Les raisons poussant leur habitants à préserver les maisons-bulles sont variées, explique l'architecte dakaroise Carole Diop à l'AFP. Mais "malheureusement, de nombreuses familles qui en avaient les moyens ont fini par démolir leur ballon pour construire un immeuble".
Beaucoup des maisons-ballons survivantes ont été modifiées afin de mieux correspondre aux besoins des foyers sénégalais.
Avec un diamètre moyen de seulement six mètres, une maison-bulle standard comme celle de Mme Ndiaye comprenait une chambre, un salon et une salle de bain, selon Carole Diop.
En les construisant, les autorités coloniales françaises n'ont pas tenu compte de la taille d'une famille sénégalaise traditionnelle, souligne l'architecte, et "de nombreuses familles se sont adaptées et ont trouvé des moyens de répondre à leur besoin d'espace", notamment en bâtissant des extensions.
La maison-bulle de Marième Ndiaye, achetée par son père dans les années 1950, est aujourd'hui incorporée dans un grand complexe familial où elle vit avec une demi-douzaines de proches couvrant plusieurs générations. La maison-bulle se trouve au milieu de la cour carrée du complexe, où d'autres pièces ont été aménagées le long des murs d'enceinte.

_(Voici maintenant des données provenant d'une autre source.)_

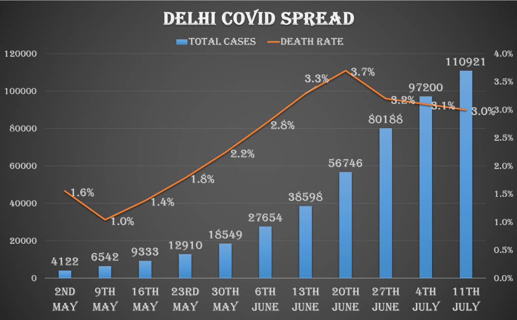 Delhi has seen over 13000 cases this week. There has been a decline in growth in Delhi cases since last week. The death rate also is seeing a marginal decline from last 2 weeks. Delhi had seen a increase in recovery rate as well. This was becoming the hot spot till last week of June with growing number of cases. Now it is showing signs of recovery.

- "quelque chose d'extraordinaire" -
Même si les maisons-ballons peuvent devenir chaudes lorsqu'elles sont exposées directement au soleil, malgré la présence d'un évent sur le toit pour évacuer l'air chaud, Mme Ndiaye assure, elle, que la sienne est confortable.
A 10 minutes de marche de là, Sekouna Yansane a récemment construit une grande maison à côté de la maison-bulle achetée par son père dans les années 1950. Il a incorporé le dôme au vaste bâtiment, en faisant une pièce qui forme une protubérance sur un côté.

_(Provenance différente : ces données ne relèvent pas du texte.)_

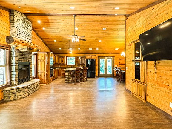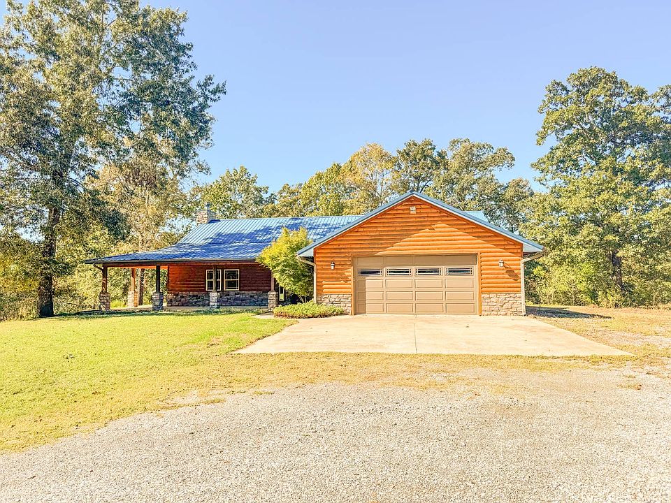 Nestled on 10± wooded acres, this stunning three-bedroom, two-and-a-half-bath home blends rustic charm with modern comfort. Built in 2013, the 1,996 sq. ft. residence features a log-sided and stone exterior, creating the perfect retreat in the heart of nature. Inside, you'll find warm wooden walls, a wood-burning fireplace with a real log mantle, and even a decorative indoor tree with natural branches that adds a unique touch of character. The open living and dining areas are both elegant and inviting, ideal for gatherings or quiet evenings by the fire. The kitchen is beautifully designed with granite countertops, an all-copper sink, and custom cabinetry with pull-out shelving, offering both beauty and functionality. Two of the bedrooms are comfortably carpeted, while the primary suite features a Winchester Big Daddy 2 gun safe, walk-in closet with shelving and a built-in lazy susan, and a spacious bath with a stand-up shower. A large attached two-car garage provides attic access and extra storage, while underground electricity and rural water add modern convenience. Outdoors, you'll enjoy a mix of mature timber and open grassy areas-home to abundant wildlife, including whitetail deer, squirrels, and rabbits, all native to the scenic region. Relax or entertain on the three-sided wraparound porch, perfect for sipping your morning coffee, hosting friends, or simply soaking in the peace and quiet of country living. Every detail of this home has been thoughtfully designed to offer both comfort and practicality-from the well-planned kitchen to the organized closet spaces-creating a welcoming environment that's as functional as it is beautiful. Whether you're looking for a serene homestead or a hunter's paradise, this property delivers the best of both worlds.

En tant qu'artiste, il répugnait à laisser la petite construction aux mains des promoteurs immobiliers.
"Je trouve ça très atypique, je l'adore", s'exclame l'homme de 65 ans, "ça me rappelle quand je suis allé en Mongolie, les yourtes".
Ses voisins immédiats, par contre, ont rasé leur ballon. "Pourquoi les détruire? Ce sont des choses que nous devrions garder", estime M. Yansane, pour qui une bonne maison a toujours "du caractère".
L'architecte américain Wallace Neff, qui a inventé les maisons-bulles, est surtout connu pour ses constructions de style colonial espagnol et les résidences qu'il a conçues pour des stars hollywoodiennes comme Judy Garland et Groucho Marx. Mais il estimait que la maison-bulle était sa plus grande contribution à l'architecture.
"Au rythme auquel la ville se densifie et évolue, je pense que malheureusement dans 100 ans, il n’y aura plus de ballons", estime Carole Diop lorsqu'on l'interroge à ce sujet.
Sekouna Yansane, lui, espère qu'elles survivront: auquel cas, "ce sera quelque chose d'extraordinaire".